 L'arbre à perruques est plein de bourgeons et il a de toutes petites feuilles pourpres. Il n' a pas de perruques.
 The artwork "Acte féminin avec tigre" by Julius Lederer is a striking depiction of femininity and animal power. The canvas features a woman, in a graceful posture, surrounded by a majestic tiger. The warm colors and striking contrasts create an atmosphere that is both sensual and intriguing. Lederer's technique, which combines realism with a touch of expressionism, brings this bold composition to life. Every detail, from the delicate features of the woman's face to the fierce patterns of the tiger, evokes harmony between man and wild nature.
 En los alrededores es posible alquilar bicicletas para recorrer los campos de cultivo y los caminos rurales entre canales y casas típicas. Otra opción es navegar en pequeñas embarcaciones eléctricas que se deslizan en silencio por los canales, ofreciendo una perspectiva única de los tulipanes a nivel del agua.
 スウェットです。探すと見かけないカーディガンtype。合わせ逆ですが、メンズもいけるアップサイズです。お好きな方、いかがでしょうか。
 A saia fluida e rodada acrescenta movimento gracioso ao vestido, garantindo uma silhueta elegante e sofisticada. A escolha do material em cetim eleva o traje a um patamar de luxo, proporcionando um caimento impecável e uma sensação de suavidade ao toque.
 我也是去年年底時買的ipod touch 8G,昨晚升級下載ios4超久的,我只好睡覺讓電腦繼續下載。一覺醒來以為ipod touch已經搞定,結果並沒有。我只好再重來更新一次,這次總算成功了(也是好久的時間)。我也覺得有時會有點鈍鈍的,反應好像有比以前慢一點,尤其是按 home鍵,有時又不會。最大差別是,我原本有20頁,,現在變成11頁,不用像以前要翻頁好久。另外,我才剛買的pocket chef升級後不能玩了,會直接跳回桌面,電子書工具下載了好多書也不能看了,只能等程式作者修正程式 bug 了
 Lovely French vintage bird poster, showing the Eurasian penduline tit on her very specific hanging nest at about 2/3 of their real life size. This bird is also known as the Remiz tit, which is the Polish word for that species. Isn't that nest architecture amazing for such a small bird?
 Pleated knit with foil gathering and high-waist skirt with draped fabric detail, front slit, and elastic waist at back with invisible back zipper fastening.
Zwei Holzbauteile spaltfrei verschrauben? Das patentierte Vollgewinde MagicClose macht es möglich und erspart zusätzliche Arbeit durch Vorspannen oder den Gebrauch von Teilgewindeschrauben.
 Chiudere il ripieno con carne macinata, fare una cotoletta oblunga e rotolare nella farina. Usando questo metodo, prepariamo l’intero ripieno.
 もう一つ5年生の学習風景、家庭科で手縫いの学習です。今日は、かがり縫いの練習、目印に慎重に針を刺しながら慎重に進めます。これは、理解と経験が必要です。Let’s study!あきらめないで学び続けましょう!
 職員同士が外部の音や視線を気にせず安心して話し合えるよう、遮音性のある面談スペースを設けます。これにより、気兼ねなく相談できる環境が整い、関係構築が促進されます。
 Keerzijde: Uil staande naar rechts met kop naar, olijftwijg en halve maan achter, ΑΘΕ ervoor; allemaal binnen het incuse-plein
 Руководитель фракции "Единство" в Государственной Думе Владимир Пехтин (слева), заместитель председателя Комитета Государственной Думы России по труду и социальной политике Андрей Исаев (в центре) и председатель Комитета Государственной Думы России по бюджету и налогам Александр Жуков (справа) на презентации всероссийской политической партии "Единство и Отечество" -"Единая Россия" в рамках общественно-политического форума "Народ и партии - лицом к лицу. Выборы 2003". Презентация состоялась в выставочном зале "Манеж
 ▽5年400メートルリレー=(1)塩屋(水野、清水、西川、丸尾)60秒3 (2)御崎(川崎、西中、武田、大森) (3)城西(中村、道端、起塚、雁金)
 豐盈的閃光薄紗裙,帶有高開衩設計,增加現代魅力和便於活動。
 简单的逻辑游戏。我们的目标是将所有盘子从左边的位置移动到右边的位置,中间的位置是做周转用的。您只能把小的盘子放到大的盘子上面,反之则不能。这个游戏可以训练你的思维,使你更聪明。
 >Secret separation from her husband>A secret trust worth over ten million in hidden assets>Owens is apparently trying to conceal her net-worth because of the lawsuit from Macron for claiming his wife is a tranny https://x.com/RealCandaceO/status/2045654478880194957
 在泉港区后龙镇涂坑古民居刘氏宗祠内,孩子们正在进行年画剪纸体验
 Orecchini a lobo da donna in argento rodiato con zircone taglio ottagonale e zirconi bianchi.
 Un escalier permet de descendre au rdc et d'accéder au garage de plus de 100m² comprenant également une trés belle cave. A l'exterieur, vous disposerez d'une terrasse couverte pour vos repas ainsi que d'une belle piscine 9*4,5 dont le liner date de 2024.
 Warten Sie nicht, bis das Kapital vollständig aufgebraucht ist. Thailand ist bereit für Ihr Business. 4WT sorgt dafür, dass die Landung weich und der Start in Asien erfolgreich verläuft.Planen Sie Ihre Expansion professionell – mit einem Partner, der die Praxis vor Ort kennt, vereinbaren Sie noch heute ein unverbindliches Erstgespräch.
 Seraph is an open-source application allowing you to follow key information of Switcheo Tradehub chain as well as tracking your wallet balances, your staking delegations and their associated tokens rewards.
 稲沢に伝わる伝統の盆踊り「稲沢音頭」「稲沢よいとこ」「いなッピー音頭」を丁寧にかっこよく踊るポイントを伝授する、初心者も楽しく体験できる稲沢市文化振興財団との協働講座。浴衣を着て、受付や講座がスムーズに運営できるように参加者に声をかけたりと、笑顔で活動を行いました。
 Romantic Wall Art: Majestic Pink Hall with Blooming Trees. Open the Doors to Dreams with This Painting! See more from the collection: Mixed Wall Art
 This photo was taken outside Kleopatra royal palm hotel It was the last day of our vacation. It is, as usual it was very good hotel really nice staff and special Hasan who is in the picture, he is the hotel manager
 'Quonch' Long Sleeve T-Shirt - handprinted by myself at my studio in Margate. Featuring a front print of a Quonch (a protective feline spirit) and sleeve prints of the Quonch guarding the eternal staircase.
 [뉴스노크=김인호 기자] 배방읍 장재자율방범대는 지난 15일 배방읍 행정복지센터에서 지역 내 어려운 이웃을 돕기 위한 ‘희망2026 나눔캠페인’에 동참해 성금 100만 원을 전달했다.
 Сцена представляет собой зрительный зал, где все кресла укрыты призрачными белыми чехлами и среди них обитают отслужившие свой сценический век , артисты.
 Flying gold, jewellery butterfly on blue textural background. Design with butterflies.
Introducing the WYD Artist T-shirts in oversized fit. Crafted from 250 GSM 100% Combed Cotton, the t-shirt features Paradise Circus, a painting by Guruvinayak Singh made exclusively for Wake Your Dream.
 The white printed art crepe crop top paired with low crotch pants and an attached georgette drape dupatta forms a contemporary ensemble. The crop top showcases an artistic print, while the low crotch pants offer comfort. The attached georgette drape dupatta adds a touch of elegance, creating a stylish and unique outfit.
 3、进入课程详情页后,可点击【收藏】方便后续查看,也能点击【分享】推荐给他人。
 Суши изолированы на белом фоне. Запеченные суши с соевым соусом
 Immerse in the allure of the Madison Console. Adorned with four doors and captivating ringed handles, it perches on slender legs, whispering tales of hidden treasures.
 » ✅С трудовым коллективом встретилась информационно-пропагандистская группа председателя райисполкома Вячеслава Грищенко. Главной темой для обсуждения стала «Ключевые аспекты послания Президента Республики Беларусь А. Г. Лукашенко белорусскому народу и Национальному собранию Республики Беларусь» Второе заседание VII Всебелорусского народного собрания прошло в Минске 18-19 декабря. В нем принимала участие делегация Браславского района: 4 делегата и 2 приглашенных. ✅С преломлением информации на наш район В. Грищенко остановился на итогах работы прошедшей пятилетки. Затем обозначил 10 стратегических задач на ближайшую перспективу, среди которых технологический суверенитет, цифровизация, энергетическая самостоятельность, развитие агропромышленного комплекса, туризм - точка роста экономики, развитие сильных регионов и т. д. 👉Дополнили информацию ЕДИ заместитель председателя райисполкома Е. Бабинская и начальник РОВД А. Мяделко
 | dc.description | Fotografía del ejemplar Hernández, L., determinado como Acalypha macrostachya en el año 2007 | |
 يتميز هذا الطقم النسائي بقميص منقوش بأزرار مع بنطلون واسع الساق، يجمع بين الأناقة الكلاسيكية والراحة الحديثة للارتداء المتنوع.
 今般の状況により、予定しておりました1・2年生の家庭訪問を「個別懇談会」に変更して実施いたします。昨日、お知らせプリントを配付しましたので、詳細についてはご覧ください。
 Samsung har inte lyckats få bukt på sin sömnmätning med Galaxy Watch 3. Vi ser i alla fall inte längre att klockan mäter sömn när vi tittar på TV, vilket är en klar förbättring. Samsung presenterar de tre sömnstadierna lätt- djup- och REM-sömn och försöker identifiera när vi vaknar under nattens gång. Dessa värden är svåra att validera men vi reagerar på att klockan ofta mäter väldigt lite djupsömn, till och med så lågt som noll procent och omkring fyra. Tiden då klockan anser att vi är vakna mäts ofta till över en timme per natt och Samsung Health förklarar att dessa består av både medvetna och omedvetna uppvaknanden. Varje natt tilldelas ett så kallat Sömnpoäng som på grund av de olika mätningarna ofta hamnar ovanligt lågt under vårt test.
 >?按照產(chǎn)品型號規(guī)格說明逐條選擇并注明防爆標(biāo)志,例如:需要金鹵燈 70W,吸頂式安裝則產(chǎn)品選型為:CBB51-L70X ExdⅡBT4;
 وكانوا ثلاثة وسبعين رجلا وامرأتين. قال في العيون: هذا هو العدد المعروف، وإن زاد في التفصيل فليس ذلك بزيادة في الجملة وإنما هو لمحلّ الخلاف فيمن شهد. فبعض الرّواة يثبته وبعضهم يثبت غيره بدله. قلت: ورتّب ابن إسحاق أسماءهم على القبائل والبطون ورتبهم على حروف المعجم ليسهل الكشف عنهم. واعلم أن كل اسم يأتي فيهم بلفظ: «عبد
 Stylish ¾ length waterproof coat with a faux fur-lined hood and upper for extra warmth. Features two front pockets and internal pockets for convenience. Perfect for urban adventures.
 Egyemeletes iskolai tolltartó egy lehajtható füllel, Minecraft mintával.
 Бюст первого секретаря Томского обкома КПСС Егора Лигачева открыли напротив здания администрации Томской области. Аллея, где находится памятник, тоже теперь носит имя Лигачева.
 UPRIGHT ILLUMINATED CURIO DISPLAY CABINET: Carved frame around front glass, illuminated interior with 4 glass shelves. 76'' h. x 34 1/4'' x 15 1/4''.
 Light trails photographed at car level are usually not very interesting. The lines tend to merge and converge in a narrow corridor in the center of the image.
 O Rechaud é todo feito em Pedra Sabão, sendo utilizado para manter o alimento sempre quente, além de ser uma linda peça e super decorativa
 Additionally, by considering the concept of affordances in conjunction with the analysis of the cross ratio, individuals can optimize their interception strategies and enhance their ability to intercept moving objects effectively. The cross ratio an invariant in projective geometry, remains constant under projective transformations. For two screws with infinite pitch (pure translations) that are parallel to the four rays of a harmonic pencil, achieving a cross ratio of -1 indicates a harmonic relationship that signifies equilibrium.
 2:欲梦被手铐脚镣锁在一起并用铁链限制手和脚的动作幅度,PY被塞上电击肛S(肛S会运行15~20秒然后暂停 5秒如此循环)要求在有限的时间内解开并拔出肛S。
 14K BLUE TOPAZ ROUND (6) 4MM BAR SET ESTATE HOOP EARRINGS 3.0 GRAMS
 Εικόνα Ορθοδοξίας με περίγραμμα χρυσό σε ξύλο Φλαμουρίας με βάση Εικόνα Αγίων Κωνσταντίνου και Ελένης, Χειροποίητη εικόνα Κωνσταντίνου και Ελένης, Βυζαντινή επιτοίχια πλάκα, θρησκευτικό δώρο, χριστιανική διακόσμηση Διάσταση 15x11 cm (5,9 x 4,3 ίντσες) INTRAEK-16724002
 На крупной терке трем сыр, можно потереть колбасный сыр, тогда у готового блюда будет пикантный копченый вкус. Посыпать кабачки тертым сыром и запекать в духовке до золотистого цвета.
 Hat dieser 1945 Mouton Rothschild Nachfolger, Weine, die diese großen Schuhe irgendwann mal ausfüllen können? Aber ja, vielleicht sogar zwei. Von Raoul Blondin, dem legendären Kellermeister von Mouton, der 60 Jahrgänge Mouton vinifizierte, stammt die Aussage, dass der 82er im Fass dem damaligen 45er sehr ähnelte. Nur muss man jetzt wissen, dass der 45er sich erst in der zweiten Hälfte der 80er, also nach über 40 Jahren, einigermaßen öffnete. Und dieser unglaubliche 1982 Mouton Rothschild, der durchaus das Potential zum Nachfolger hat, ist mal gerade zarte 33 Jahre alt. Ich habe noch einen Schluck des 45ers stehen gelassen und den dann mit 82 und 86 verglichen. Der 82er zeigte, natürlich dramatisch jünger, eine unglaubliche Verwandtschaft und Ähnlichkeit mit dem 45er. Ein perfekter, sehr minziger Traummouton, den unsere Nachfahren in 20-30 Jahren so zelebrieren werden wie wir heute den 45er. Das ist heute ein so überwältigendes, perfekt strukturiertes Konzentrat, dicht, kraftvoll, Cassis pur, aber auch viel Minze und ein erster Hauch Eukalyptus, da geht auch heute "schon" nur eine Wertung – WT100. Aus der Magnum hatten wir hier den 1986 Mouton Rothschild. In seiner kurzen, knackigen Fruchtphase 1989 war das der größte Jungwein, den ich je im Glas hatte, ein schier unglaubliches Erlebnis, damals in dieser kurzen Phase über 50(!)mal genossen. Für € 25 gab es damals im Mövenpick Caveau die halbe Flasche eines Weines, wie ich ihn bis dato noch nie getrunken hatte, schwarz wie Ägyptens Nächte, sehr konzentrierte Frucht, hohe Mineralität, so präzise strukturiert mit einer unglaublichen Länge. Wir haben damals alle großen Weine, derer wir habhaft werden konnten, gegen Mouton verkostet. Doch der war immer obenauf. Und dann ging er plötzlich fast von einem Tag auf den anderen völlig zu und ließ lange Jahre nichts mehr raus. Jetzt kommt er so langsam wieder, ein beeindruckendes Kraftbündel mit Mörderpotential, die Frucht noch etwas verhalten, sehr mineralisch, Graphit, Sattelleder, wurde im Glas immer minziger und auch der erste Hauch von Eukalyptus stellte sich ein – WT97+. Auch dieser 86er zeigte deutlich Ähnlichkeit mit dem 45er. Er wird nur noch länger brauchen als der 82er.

=====

EXERCISE PROMPT:
Within the listing above, filter for lines holding the string "plein" and copy each one.

ANSWER AREA:
 L'arbre à perruques est plein de bourgeons et il a de toutes petites feuilles pourpres. Il n' a pas de perruques.
 Keerzijde: Uil staande naar rechts met kop naar, olijftwijg en halve maan achter, ΑΘΕ ervoor; allemaal binnen het incuse-plein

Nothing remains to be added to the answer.